■ **TASK DETAILS**
Although the records contain pictures, none belong in the copy: restate word for word only the lines from the one with "44L x 28H cm" through the one with "Шоколад молочный MILKA с печеньем Lu, 87г", both included.

■ **INPUT DATA**
—————

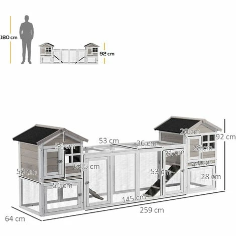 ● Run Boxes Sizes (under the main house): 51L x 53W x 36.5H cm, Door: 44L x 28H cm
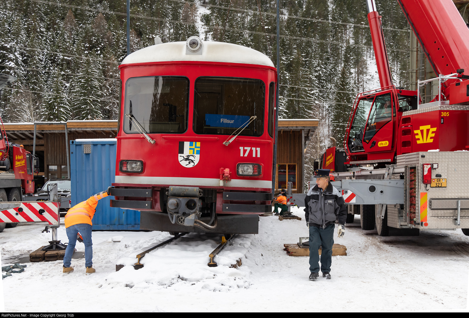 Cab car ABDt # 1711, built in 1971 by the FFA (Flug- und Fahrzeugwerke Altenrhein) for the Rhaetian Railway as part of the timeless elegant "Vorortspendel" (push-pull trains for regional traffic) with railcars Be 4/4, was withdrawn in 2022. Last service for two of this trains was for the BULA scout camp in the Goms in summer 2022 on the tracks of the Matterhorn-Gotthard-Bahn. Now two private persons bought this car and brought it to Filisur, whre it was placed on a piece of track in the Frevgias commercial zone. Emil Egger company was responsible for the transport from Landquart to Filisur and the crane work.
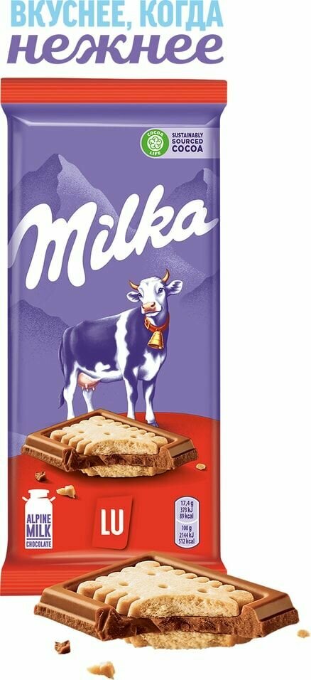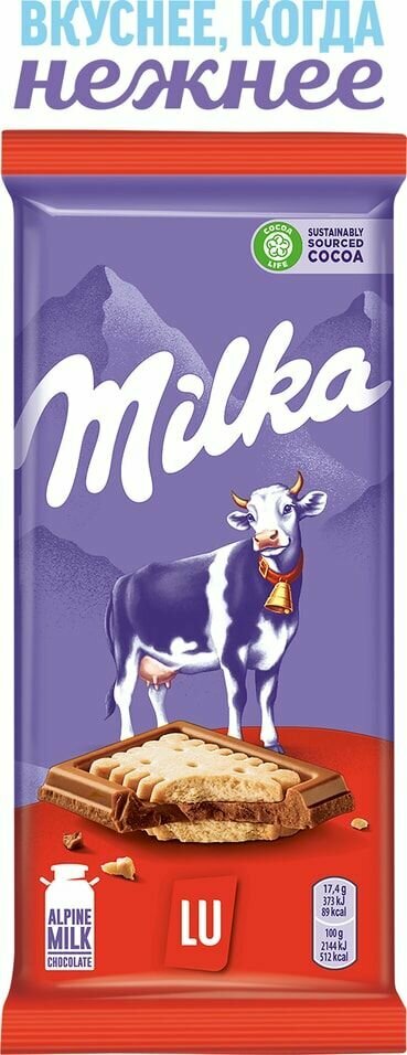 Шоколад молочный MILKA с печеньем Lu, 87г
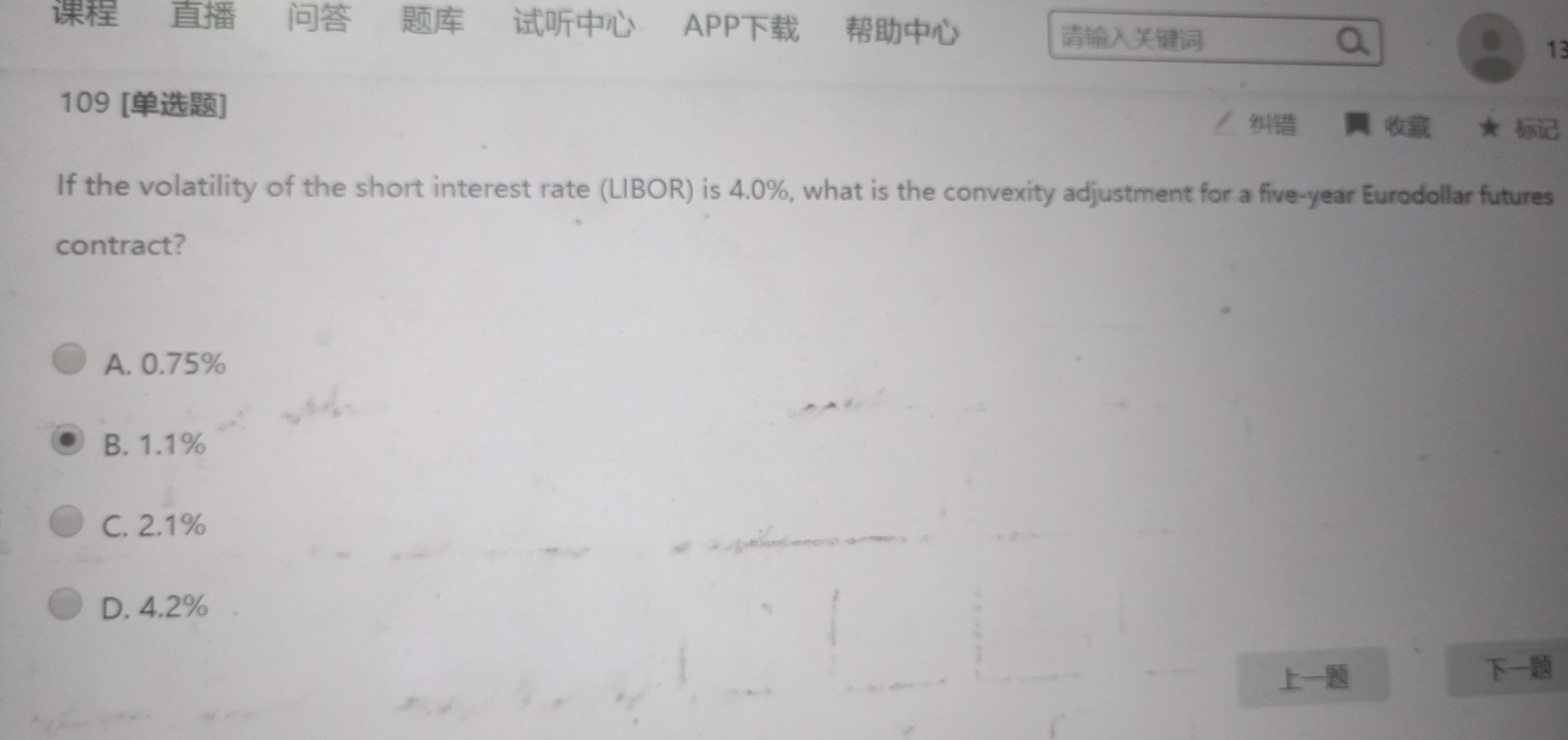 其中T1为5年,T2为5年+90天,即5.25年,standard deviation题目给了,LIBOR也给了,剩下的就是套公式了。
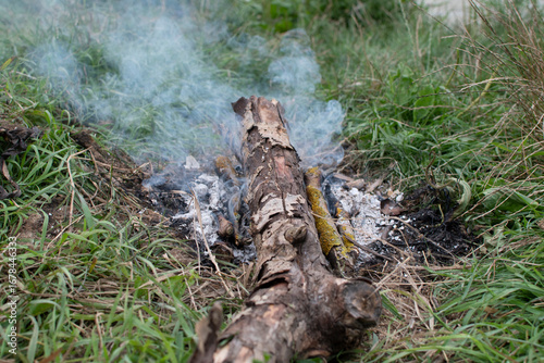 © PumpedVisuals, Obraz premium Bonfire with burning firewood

—————

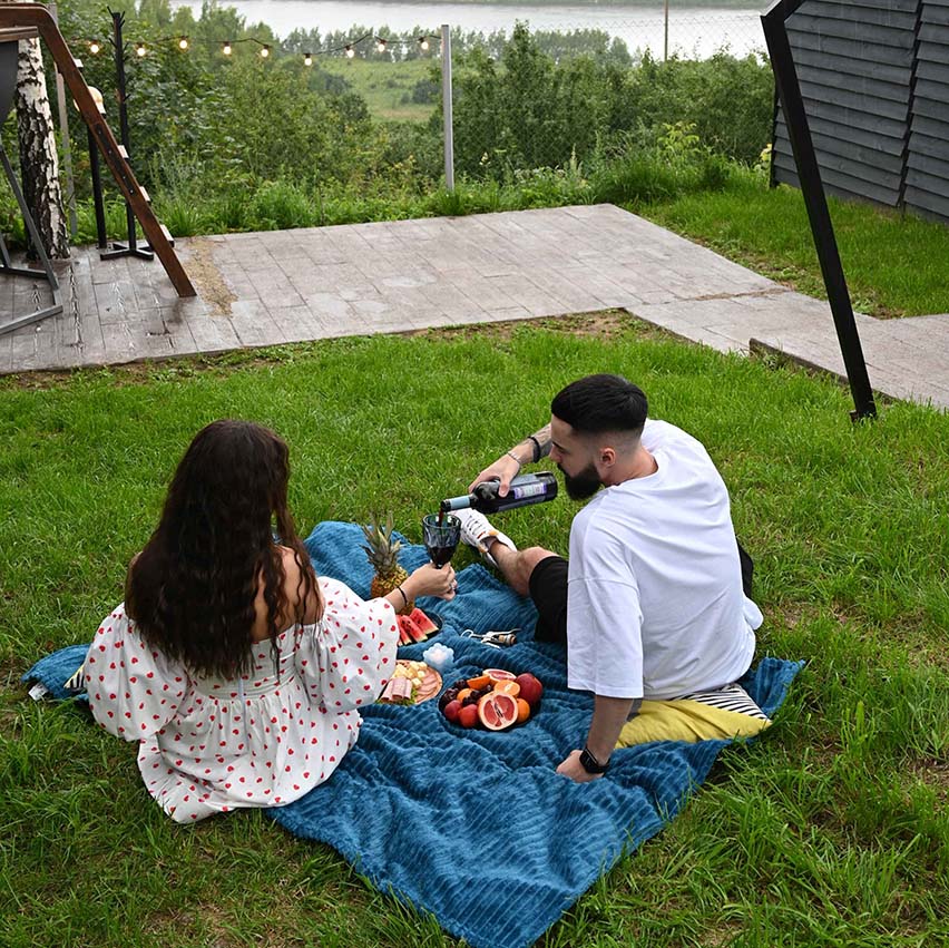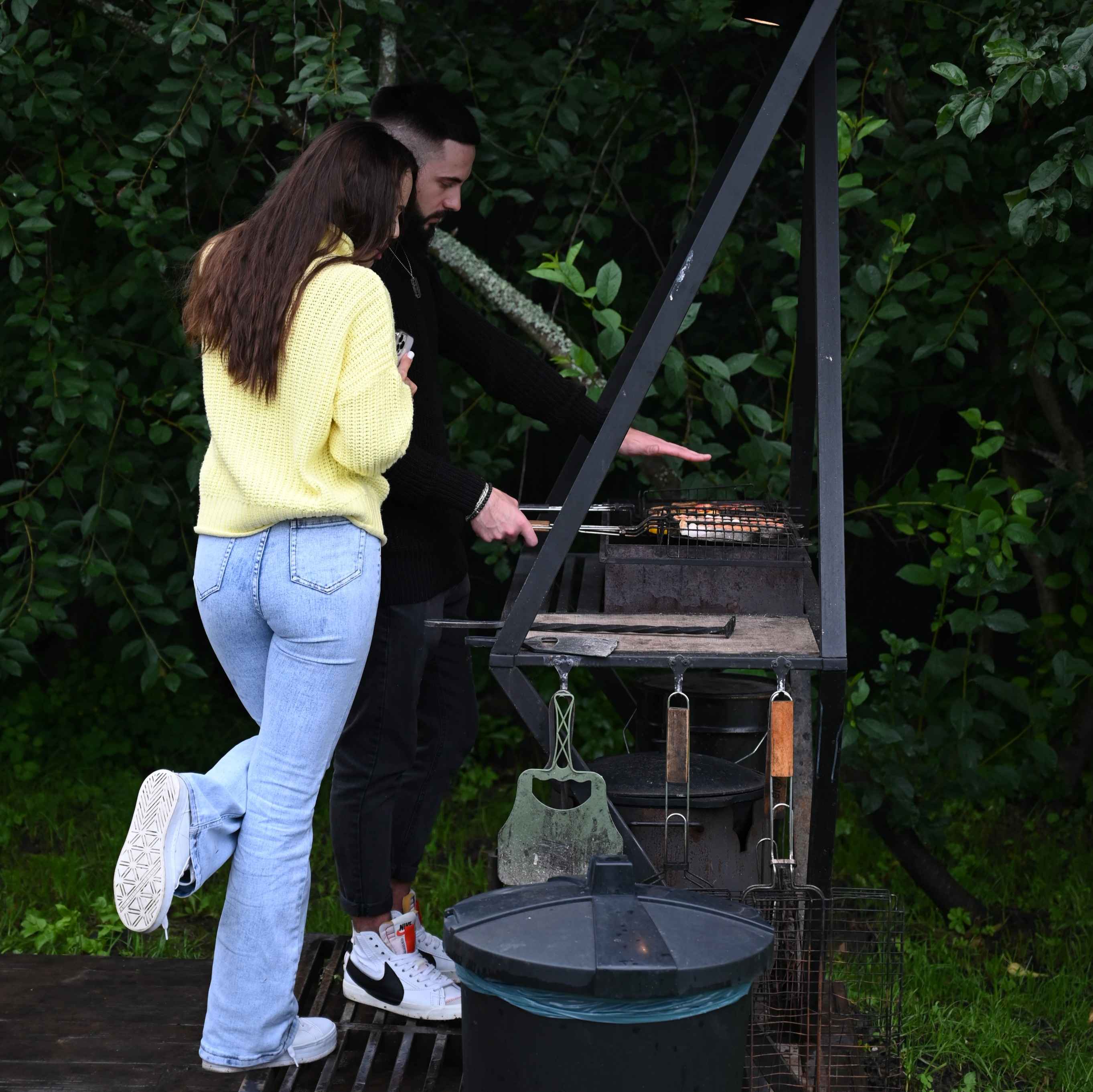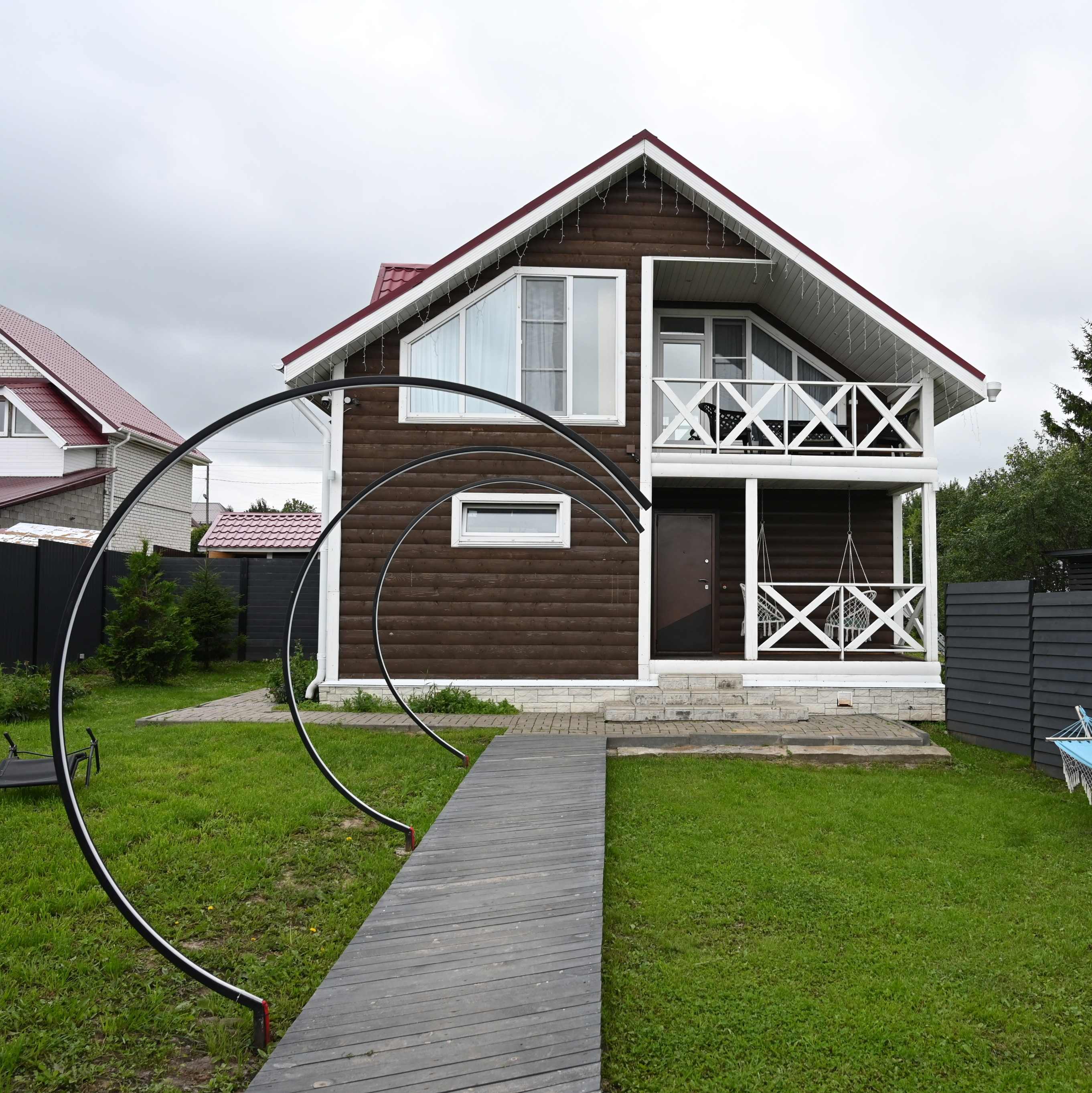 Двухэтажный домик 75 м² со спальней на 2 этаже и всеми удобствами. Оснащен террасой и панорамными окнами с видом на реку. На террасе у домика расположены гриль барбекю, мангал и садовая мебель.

—————

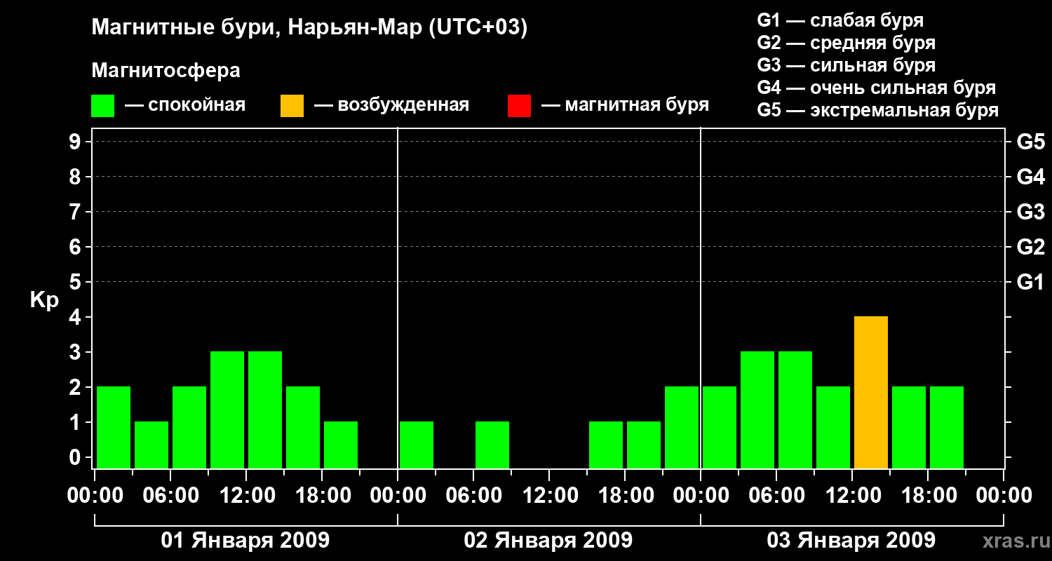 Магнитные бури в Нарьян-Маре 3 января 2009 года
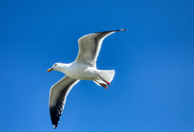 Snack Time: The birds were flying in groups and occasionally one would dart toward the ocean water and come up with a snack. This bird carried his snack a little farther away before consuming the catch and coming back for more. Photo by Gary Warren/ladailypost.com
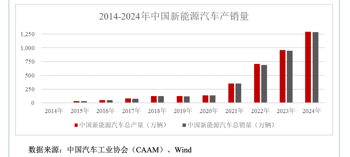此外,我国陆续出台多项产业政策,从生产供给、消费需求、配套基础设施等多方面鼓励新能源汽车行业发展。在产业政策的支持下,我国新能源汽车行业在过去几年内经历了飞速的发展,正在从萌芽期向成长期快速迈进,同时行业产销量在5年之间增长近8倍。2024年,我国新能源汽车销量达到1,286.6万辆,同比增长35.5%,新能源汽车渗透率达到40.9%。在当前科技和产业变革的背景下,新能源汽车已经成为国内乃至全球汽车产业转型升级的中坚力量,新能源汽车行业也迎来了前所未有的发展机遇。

—————

■ **WRITTEN ANSWER**
 ● Run Boxes Sizes (under the main house): 51L x 53W x 36.5H cm, Door: 44L x 28H cm
 Cab car ABDt # 1711, built in 1971 by the FFA (Flug- und Fahrzeugwerke Altenrhein) for the Rhaetian Railway as part of the timeless elegant "Vorortspendel" (push-pull trains for regional traffic) with railcars Be 4/4, was withdrawn in 2022. Last service for two of this trains was for the BULA scout camp in the Goms in summer 2022 on the tracks of the Matterhorn-Gotthard-Bahn. Now two private persons bought this car and brought it to Filisur, whre it was placed on a piece of track in the Frevgias commercial zone. Emil Egger company was responsible for the transport from Landquart to Filisur and the crane work.
 Шоколад молочный MILKA с печеньем Lu, 87г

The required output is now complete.